Tuesday, September 23, 2014

Bit by bit

Today, a cornucopia of computing consequences ...

A calculating mind ...?
Last June I posted ("Less than meets the AI") about the program that "passed" the Turing test, and that this milestone seemed more a demonstration of natural gullibility than of artificial intelligence. Hence, I was pleased to read about an improved -- and more meaningful -- proposed test of a program's intelligence. See (from IEEE Spectrum), "Can Winograd Schemas Replace Turing Test for Defining Human-Level AI?"

Conceptually, the Turing Test is still valid, but we need a better practical process for testing artificial intelligence. A new AI contest, sponsored by Nuance Communications and CommonsenseReasoning.org, is offering a US $25,000 prize to an AI that can successfully answer what are called Winograd schemas, named after Terry Winograd, a professor of computer science at Stanford University.

Here's an example of one:

The trophy doesn't fit in the brown suitcase because it is too big. What is too big?

The trophy, obviously. But it's not obvious. It's obvious to us, because we know all about trophies and suitcases. We don't even have to "think" about it; it's almost intuitive. But for a computer program, it's unclear what the "it" refers to. To be successful at answering a question like this, an artificial intelligence must have some background knowledge and the ability to reason.

From the Department of It Ought to Be Obvious, see (from Forbes), "It Does Matter That The White House Cybersecurity Czar Lacks Technical Chops." The author, Robert Lee, describes himself as "an active-duty Air Force Cyber Warfare Operations Officer and a cofounder of Dragos Security."

Of course the Czar-dine at issue opines that it's fine he doesn't have a cyber-security background.

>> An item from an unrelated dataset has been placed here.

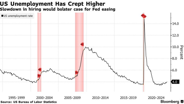 在众多分项数据中,法巴银行分析也认为,失业率的重要性将超越新增非农人口数量。该行指出,从技术上讲,美国失业率上升至4.2%就会触发萨姆法则。根据萨姆法则,当失业率的三个月移动均值相对于前12个月的低点上升0.5个百分点或更多时,美国经济就将陷入衰退。
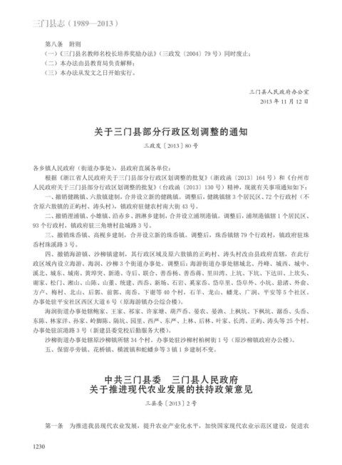 根据《浙江省人民政府关于三门县部分行政区划调整的批复》(浙政函〔2013〕164 号)和《台州市

Maybe we shouldn't be surprised then (offered by PC World) that "Botnet malware discovered on Healthcare.gov server."

Searching government networks for vulnerable servers, the hacker was able to break-in because the server's default password had not been changed, according to The Wall Street Journal. Even the U.S. government, it seems, can do with a refresher course every now and then on security.  

Alan Turing 100th birthday doodle
Have you followed the debate over the so-called right to be forgotten, under which search engines can be ordered to not serve up deleterious information? There are exceptions, of course. One such exception applies to the famous -- only who counts as famous? Are you famous? Check out (from the Washington Post) -- and then find out --  "Does Google think you’re famous?"

Do you lie awake nights wondering whether killer robots are after you? Then (a) stop eating pizza and tacos near bedtime and (b) check out (again from the Washington Post), "The SkyNet factor: Four myths about science fiction and the killer robot debate." Then you'll have good cause (besides indigestion) for your insomnia ....

Then there's the new iWatch. Talk about a solution in search of a problem. See (from Mashable), "Sharing Your Heartbeat Over Apple Watch Is the New Sexting."

Let's end this post on an upbeat note. Yahoo News offers us computing-centric product news that (unlike the iWatch) I find to be seriously clever. See "Indian start-up launches shoes that show you the way."